## DATA SEGMENT
##############################
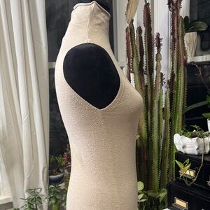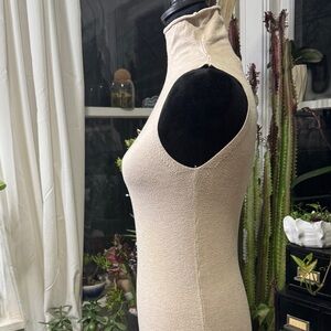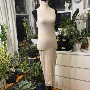 Chic sleeveless maxi dress with a turtleneck. Soft beige color. Ideal for versatile styling.
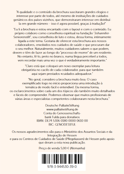A qualidade e o conteúdo da brochura suscitaram grandes elogios e interesse por parte de todos, até mesmo de instituições de cuidados geriátricos dos países vizinhos, que demonstraram interesse em distribuí-la em grande número – isso é agora possível, graças à tradução!”“Eu li a brochura e estou encantado com o layout e com o conteúdo. Eu próprio colaboro como conselheira espiritual na fundação “Johannifer-Seniorenstift”, sou conselheira de luto e estou, dessa forma, intimamente ligada a este tema. Gostaria de oferecer esta brochura aos nossos colaboradores, envolvidos nos cuidados de saúde e que procuram daro seu melhor. Naturalmente, muitos cuidadores sabem o que podem, devem e têm de fazer ao longo do “processo de morrer” de um residente. No entanto, lê-lo, preto no branco, numa língua percetível a todos, vem recordar mais uma vez o que é verdadeiramente importante.”“Claro está que coloquei um novo exemplar para leitura obrigatória no cacifo de cada colaborador, para que também aqui sejam prestados «cuidados adequados».”“No geral, considero a brochura muito boa. O caso exemplificado logo no início proporciona uma introdução à temática de modo fácil e entendível. Da mesma forma,os esclarecimentos sobre cada um dos tópicos são também muito detalhados e fáceis de compreender. Podemos observar que muitos profissionais de várias áreas e especialistas competentes colaboraram nesta brochura.
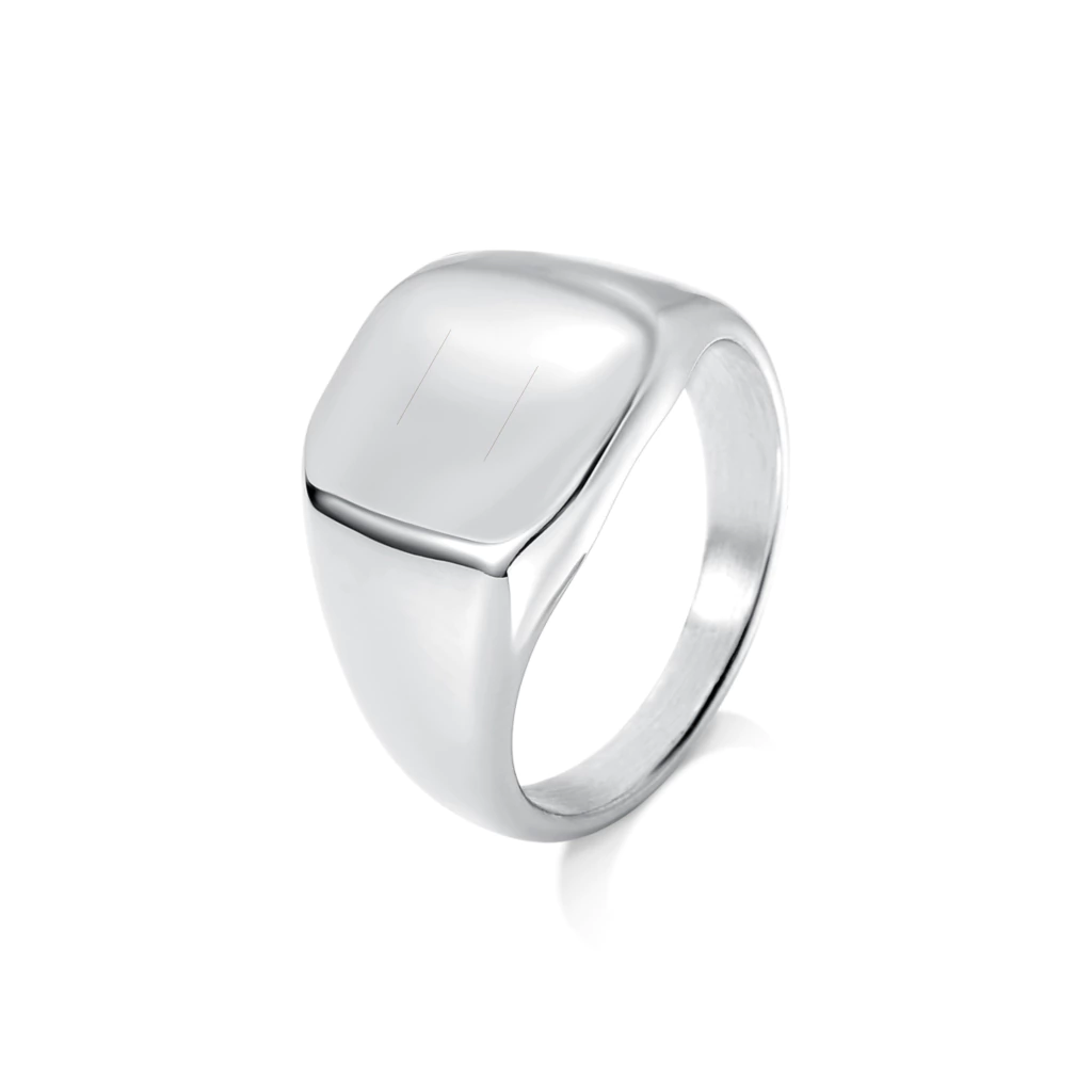 El Anillo Femenino Signet Plata Personalizable para Tres Letras es una pieza sofisticada y llena de significado. Con la posibilidad de grabar hasta tres letras, números o símbolos, te permite llevar contigo iniciales importantes, una palabra especial o un símbolo representativo.
##############################
## WORK TO COMPLETE
I would like the material repeated in full and exactly, with its images omitted.

## ANSWER TO THE EXERCISE
 Chic sleeveless maxi dress with a turtleneck. Soft beige color. Ideal for versatile styling.
A qualidade e o conteúdo da brochura suscitaram grandes elogios e interesse por parte de todos, até mesmo de instituições de cuidados geriátricos dos países vizinhos, que demonstraram interesse em distribuí-la em grande número – isso é agora possível, graças à tradução!”“Eu li a brochura e estou encantado com o layout e com o conteúdo. Eu próprio colaboro como conselheira espiritual na fundação “Johannifer-Seniorenstift”, sou conselheira de luto e estou, dessa forma, intimamente ligada a este tema. Gostaria de oferecer esta brochura aos nossos colaboradores, envolvidos nos cuidados de saúde e que procuram daro seu melhor. Naturalmente, muitos cuidadores sabem o que podem, devem e têm de fazer ao longo do “processo de morrer” de um residente. No entanto, lê-lo, preto no branco, numa língua percetível a todos, vem recordar mais uma vez o que é verdadeiramente importante.”“Claro está que coloquei um novo exemplar para leitura obrigatória no cacifo de cada colaborador, para que também aqui sejam prestados «cuidados adequados».”“No geral, considero a brochura muito boa. O caso exemplificado logo no início proporciona uma introdução à temática de modo fácil e entendível. Da mesma forma,os esclarecimentos sobre cada um dos tópicos são também muito detalhados e fáceis de compreender. Podemos observar que muitos profissionais de várias áreas e especialistas competentes colaboraram nesta brochura.
 El Anillo Femenino Signet Plata Personalizable para Tres Letras es una pieza sofisticada y llena de significado. Con la posibilidad de grabar hasta tres letras, números o símbolos, te permite llevar contigo iniciales importantes, una palabra especial o un símbolo representativo.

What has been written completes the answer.